Thursday, September 02, 2004

The Coma - Alex Garland: A Review

A man sits by himself on a subway and watches a group of teenagers harass a woman and try to steal her purse. She gets away from them and moves closer, sitting down next to the men. The teenagers follow and try again to grab the woman's purse. This time the man stands up, raises his arm, and says "Hey". What follows is the man being struck, knocked down, and kicked until he is unconscious. This is the starting point of Alex Garland's third novel "The Coma".

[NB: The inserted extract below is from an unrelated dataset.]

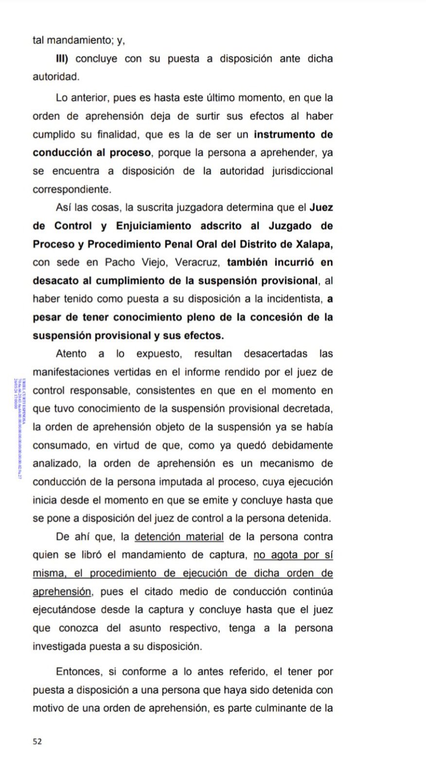 En una sentencia, se apuntó que la jueza veracruzana no podía ser detenida debido a que contaba con una suspensión provisional, así como tampoco podía ser conducida ante la autoridad judicial que la reclamara por medio de la fuerza pública.
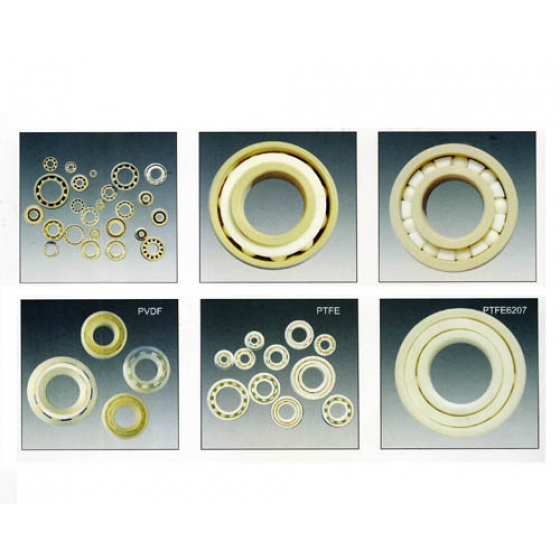 PEEK/PI塑膠軸承(耐高溫塑膠軸承): PEEK、PI 作為新興的工程塑膠材料,被證明是所有已知工程塑膠中 機械強度尺寸穩定性及耐高溫性能最好的,其中PEEK長期使用溫度 達260度C,PI長期使用溫度更是高達300度C,且其具有優良的耐腐 蝕性能,在中等強度的酸鹼腐蝕環境仍然可以運轉自如,故一般用 於製作需要在比較嚴酷環境中精密運轉的軸承,其缺點是因材料本 身比較昂貴,故使用成本較高,一般內外圈材料選用PEEK或PI,保 持架材料為PTFE、PEEK或PI,滾珠一般為ZrO2或Si3N4陶瓷球。 PVDF/PTEE塑膠軸承(耐腐蝕塑膠軸承): 作為氟塑料中最典型的品種,PTEE和PVDF是具有最優良的耐腐蝕性 能,其中PTEE更是所有已知工程塑膠中耐腐蝕性最好的,可用於所 有的強酸及強鹼場合,包括HF及發煙硫酸硝酸(98%以上)等,且具 有良好的高溫表現,PTEE證明可用於180度C的高溫,PVDF也能用到 150度C,但PTEE材料強度極低,且尺寸穩定性較差,溫度變化大, 相比較而言PVDF具有更佳的綜合性能,一般內外圈材料選用PTEE或 PVDF,保持架材料為PTEE或PVDF,滾珠惟一般玻璃球或陶瓷球。

The man (he remains unnamed throughout the novel) is released fairly quickly from the hospital and returns home. He tries, cautiously, to enter back into his life, but he begins noticing strange jumps in time and a selective amnesia. Acquaintances tell them man that they don't know something because the man doesn't know it either. Things do not add up or make sense to the man and he knows he has to return to the hospital. He is still in the coma, and these episodes are his coma dreams.

"The Coma" is a short novel, with less than 200 pages. This brevity gives rise to added tension in the story as Garland is able to build the narrative in little chunks that feel like movie scenes. We feel the jumps in the narrative, these confusing dreams as the man tries to figure out what happened to him, where he is, and how to get back to life. We feel the man's confusion in not knowing what is a coma dream and what is reality. Garland's technique is very effective.

Reading "The Coma" is trying to decipher the man's memories and take the man's journey through his unconscious. In the coma dream something is real only if the man can remember it. There is no rhyme or reason to what he remembers and why he remembers what he does, but isn't that how memory? Alex Garland takes the reader on a eerie trip through a man's unconscious and coma ridden dreams, and in the process tells a very interesting (and slightly creepy) story.

Garland is the author of the novels "The Beach" and "The Tesseract" and also wrote the screenplay for the zombie horror film "28 Days Later." His fiction is something to be anticipated and thus far it has not disappointed, though it is never what is expected.